Start of Materials provided

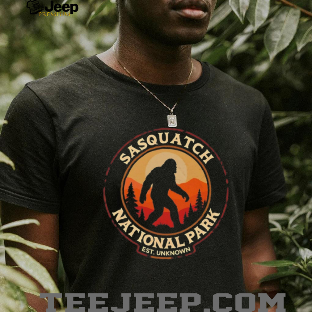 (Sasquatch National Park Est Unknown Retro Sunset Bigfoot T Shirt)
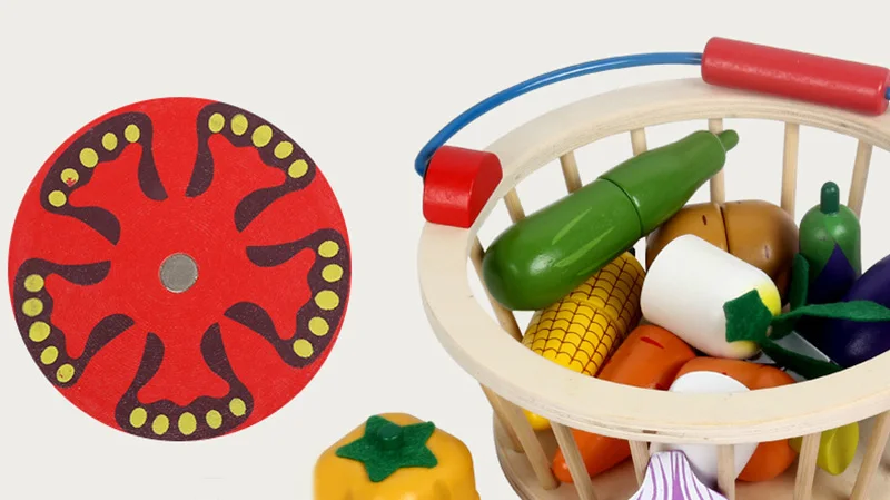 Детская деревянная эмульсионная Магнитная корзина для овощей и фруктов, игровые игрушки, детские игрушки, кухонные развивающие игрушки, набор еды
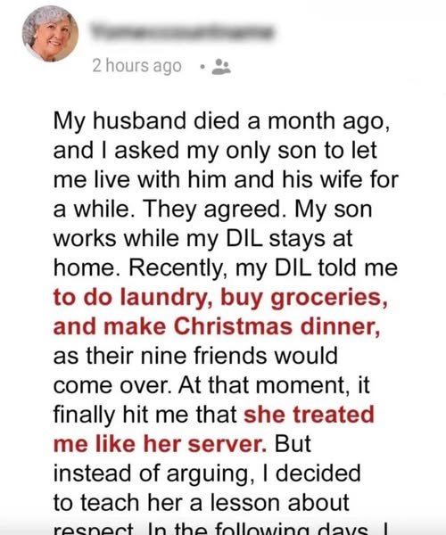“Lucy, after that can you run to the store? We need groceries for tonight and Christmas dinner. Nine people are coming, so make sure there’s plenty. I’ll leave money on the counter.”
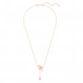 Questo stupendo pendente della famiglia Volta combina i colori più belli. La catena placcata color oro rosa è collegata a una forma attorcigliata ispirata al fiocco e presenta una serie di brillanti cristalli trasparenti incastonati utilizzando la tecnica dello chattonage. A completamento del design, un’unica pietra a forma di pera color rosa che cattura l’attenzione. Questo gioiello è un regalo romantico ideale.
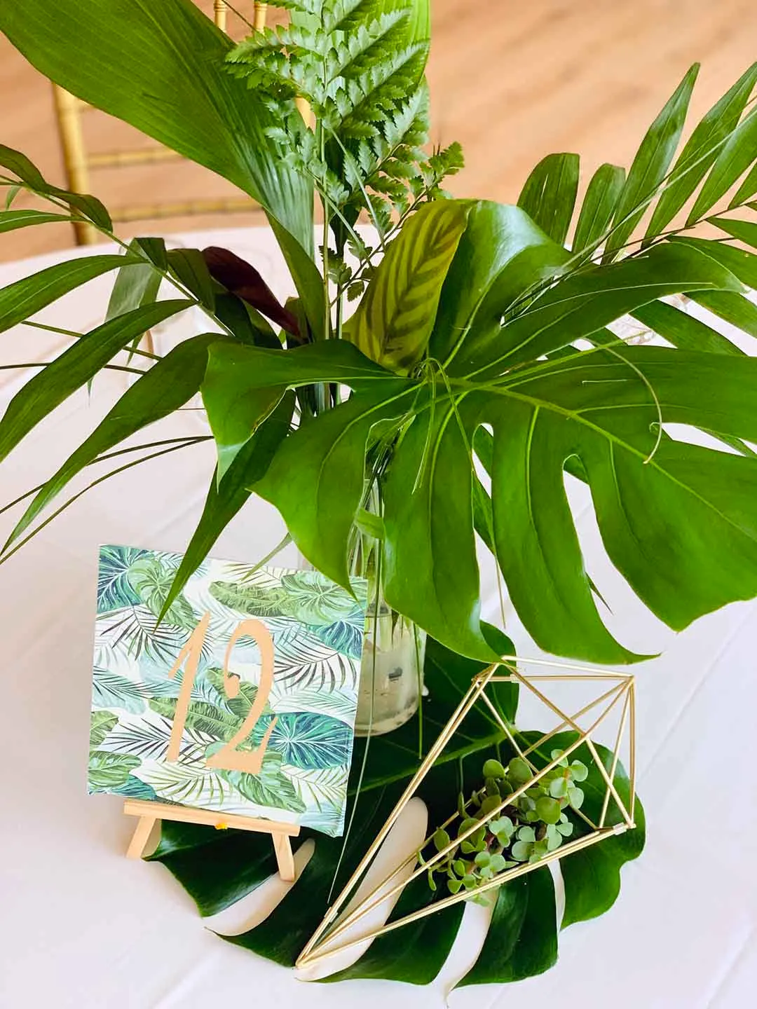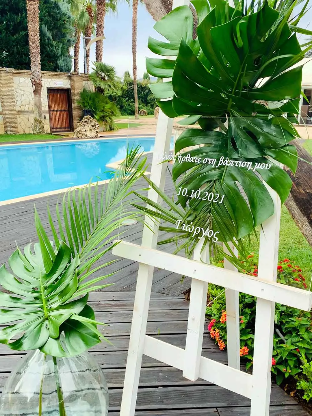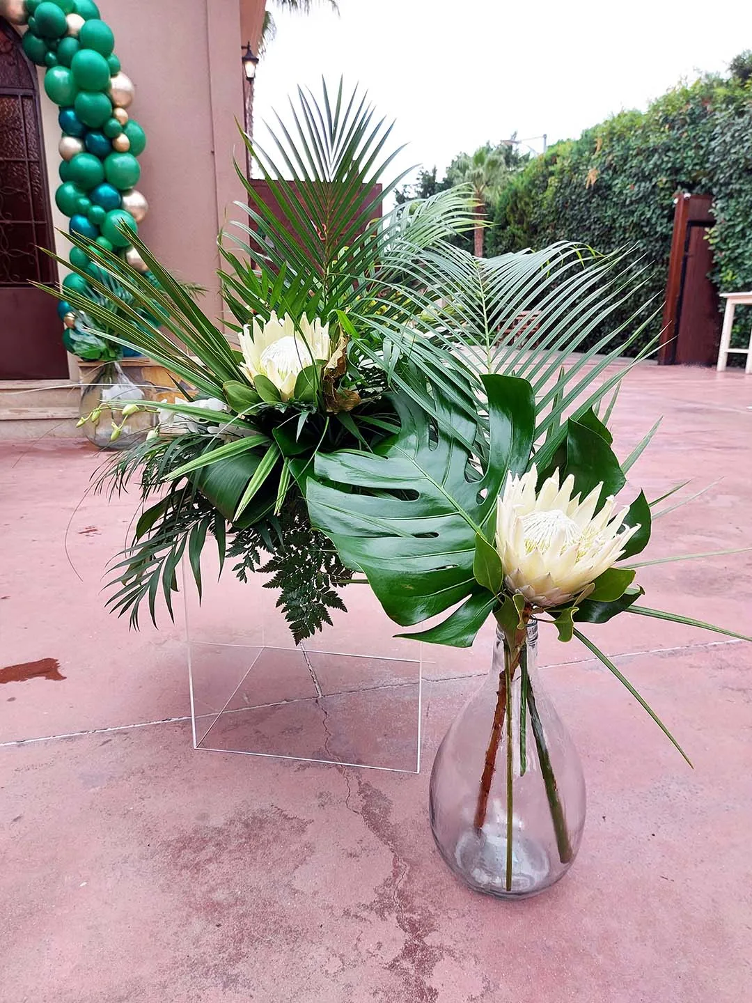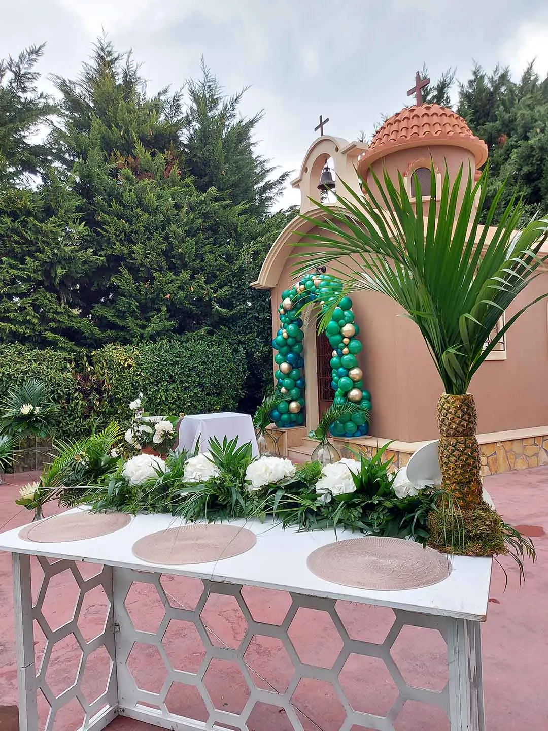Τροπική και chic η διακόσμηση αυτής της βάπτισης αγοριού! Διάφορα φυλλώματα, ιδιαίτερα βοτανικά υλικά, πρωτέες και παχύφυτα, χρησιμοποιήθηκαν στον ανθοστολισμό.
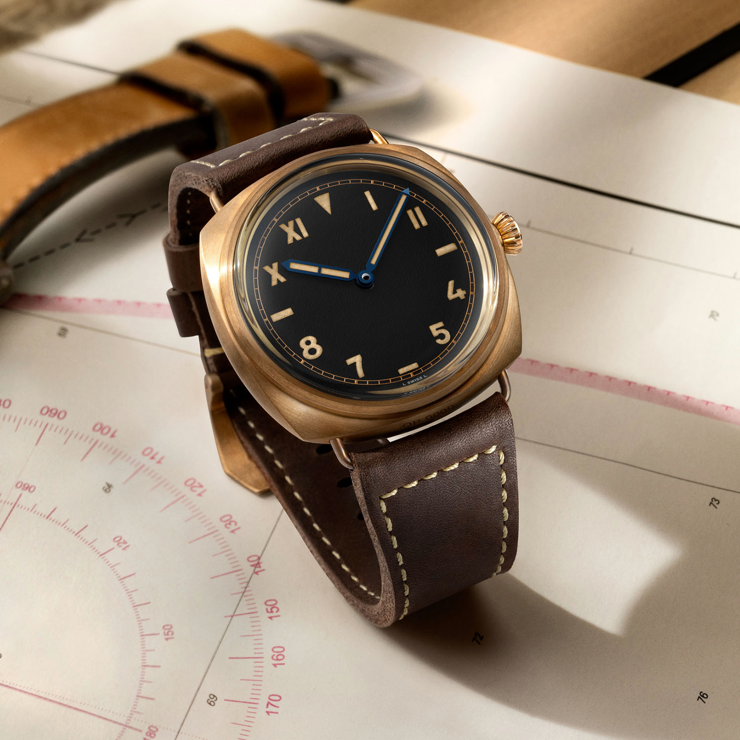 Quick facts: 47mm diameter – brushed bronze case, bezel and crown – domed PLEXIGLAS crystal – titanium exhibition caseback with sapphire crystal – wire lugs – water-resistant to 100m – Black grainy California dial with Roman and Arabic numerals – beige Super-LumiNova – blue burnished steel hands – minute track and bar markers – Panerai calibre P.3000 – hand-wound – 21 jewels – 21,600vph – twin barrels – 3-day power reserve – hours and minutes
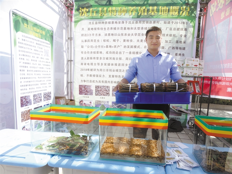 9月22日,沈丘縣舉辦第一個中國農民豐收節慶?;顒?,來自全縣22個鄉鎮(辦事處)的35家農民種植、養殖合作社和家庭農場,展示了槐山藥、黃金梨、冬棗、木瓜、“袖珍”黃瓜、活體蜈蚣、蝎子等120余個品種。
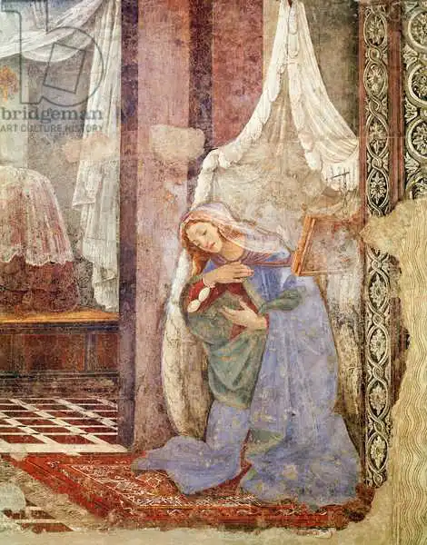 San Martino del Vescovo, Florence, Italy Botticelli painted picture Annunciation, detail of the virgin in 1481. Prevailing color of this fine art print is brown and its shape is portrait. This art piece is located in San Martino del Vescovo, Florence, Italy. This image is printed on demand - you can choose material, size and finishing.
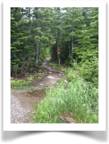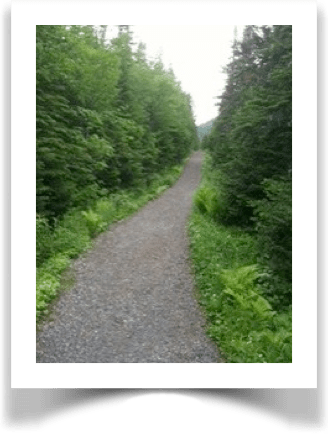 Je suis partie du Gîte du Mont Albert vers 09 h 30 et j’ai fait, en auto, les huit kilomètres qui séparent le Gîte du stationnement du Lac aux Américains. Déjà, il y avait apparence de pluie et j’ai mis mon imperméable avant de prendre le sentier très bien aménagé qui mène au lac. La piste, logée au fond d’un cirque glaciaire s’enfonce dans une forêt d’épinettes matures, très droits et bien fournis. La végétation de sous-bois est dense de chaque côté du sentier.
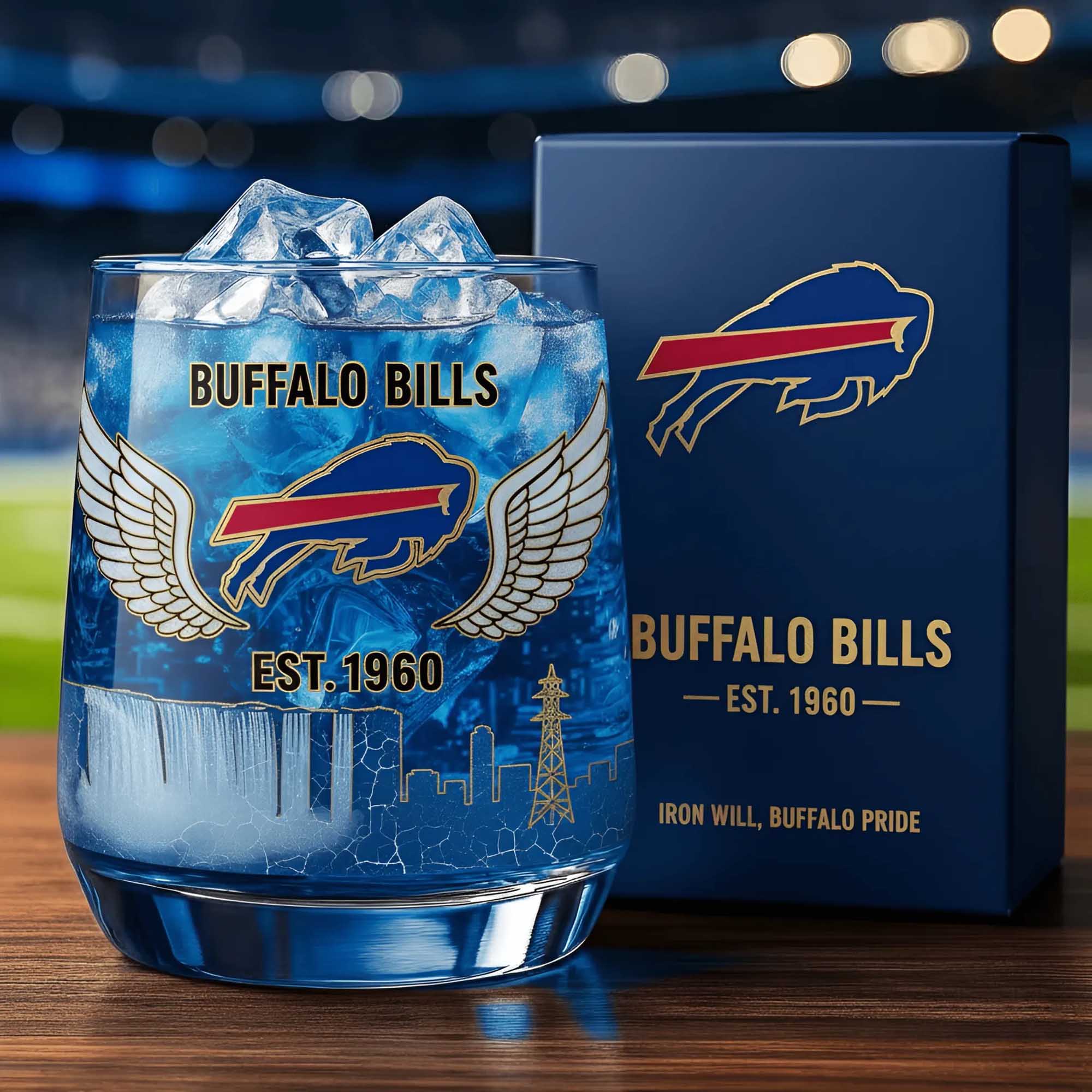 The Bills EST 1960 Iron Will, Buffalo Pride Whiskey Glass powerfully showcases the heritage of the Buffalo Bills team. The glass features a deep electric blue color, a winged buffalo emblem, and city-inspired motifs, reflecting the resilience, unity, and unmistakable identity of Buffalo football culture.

End of Materials provided

_Work instruction_
The required output is a verbatim repetition of the lines from the opening of the entries above through the line containing "Детская деревянная эмульсионная", inclusive, with no pictures and nothing else.

_Exercise result_
 (Sasquatch National Park Est Unknown Retro Sunset Bigfoot T Shirt)
 Детская деревянная эмульсионная Магнитная корзина для овощей и фруктов, игровые игрушки, детские игрушки, кухонные развивающие игрушки, набор еды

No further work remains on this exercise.